Evelyn Eberhard was a handsome woman except for faint bitter crow’s-feet at the corners of dark eyes deep set under exquisitely arched brows. She was pale of visage, her mouth was generous but thin lipped without discernible lip rouge, her hair youthfully cut, with pin curls at the temples.
“On those evenings I was barred from this room. I did not mind. I never liked it. But since Collin’s death I have often found myself in here. I wonder why?”
“Looking for a connection to whatever it was he withheld from you when he was alive.”
She looked surprised, even startled. “Freudian analysis from a” — she paused, then continued with subtle, not easily explained irony — “an insurance adjuster?”
Hilda silently wheeled in a tea wagon with a cozy-covered teapot on it, two Meissen china cups, silverware, milk and sugar in matching pitcher and bowl, lemon slices, small plates, and an assortment of tea cookies. She hovered as if about to pour.
“That will be all, Hilda.” Evelyn Eberhard added, an oddly sharp note in her voice, “And shut the door behind you.”
The maid departed, irritation in her movements.
The widow leaned forward to pour two cups of steaming Darjeeling. Her hands were long fingered, shapely. Her high-necked pale blue dress had ruffles at throat and wrists, a cinched waist that emphasized a shapely bosom. Crossed legs under the floor-length skirt suggested well-rounded thighs.
She chose milk and sugar; Spade, nothing.

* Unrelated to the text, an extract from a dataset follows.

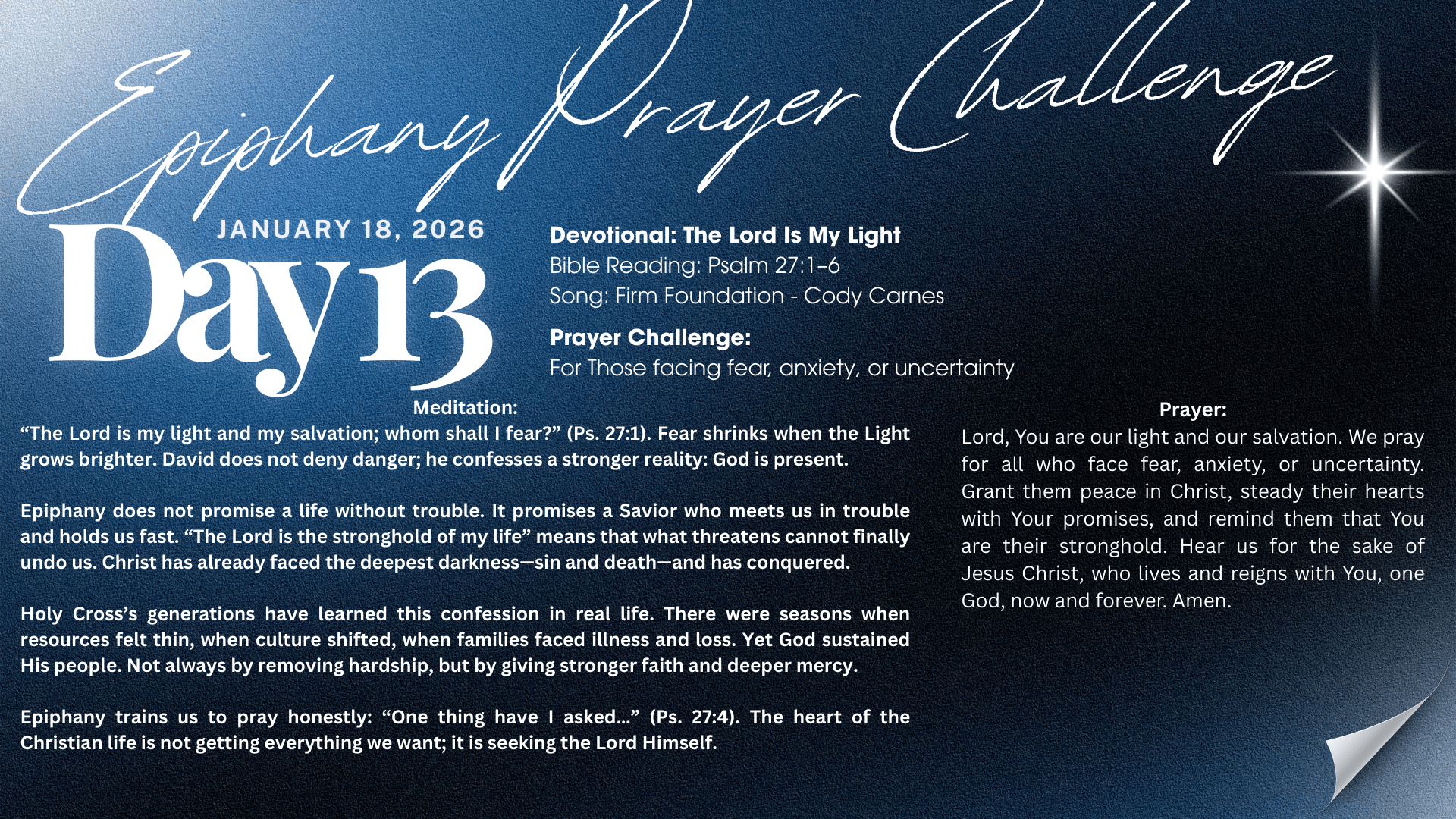 Lord, You are our light and our salvation. We pray for all who face fear,anxiety, or uncertainty. Grant them peace in Christ, steady their hearts withYour promises, and remind them that You are their stronghold. Hear us for thesake of Jesus Christ, who lives and reigns with You, one God, now and forever.Amen.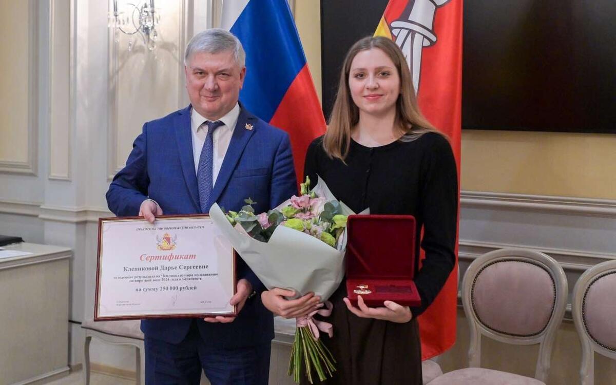 Глава региона в своем Telegram-канале написал, что это «золото» на мировом первенстве — первое в плавании для Воронежской области. Дарья Клепикова получила награду за выдающиеся выступления на чемпионате мира, спортивное мастерство и волю к победе. На встрече губернатор отметил и тренера спортсменки Олега Цветковского. Его вклад в воспитание новых поколений воронежских пловцов невозможно переоценить.

They sipped.
“Hilda was with Collin before our marriage. After the bank prospered, Collin became distant, he and I drifted apart. Hilda decided that I had become indifferent to his needs and wants, and would love to have Bankers’ Life refuse payment on the policy.”
“Were you indifferent?”
“In those later years, yes. We were in love at the outset. Ironically, when we became prosperous intimacy left our marriage. But Collin was an upright man. Which makes it unfair, you people trying to renege on your legal commitment to me.”